The issue comes at a time of rising debt interest rates caused by the impact of the Covid-19 pandemic on the world economy and after Fitch downgraded Portugal's rating outlook.
Portugal paid more to issue debt. At a time of rising funding costs for most southern European countries, the Treasury and Public Debt Management Agency (IGCP) placed 1.016 million euros, this Wednesday, in a six- and ten-year double auction of Treasury bonds (T-Bonds).
At the benchmark maturity, the country issued 598 million euros, with an interest rate of 1.194%. The last time Portugal had financed itself for ten-years was on March 11th, having then paid an interest rate of 0.426%. In other words, compared with that auction, the interest rate almost tripled.

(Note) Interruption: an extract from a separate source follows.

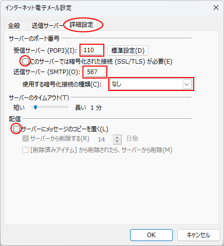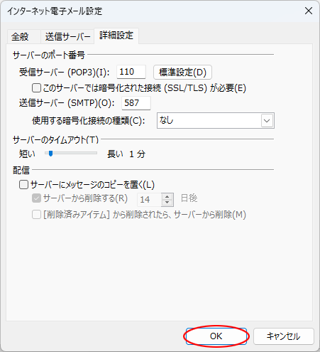 送信サーバー(SMTP) 「587」を入力し、「使用する暗号化接続の種類」で「なし」を選択します。 -

For the six-year T-Bonds, Portugal placed 418 million at a rate of 0.843%. This also represents a strong increase since in the last comparable issue, on February 12th, the country had financed itself with a negative interest rate of -0.057%.
The issue comes at a time of rising interest rates on debt caused by the impact of the Covid-19 Pandemic on the world economy. Portugal paid back to place short-term securities, which had not happened since 2016, and the medium term debt has been worsening. Reflecting concerns about this impact, the Fitch agency downgraded Portugal’s rating outlook last Friday.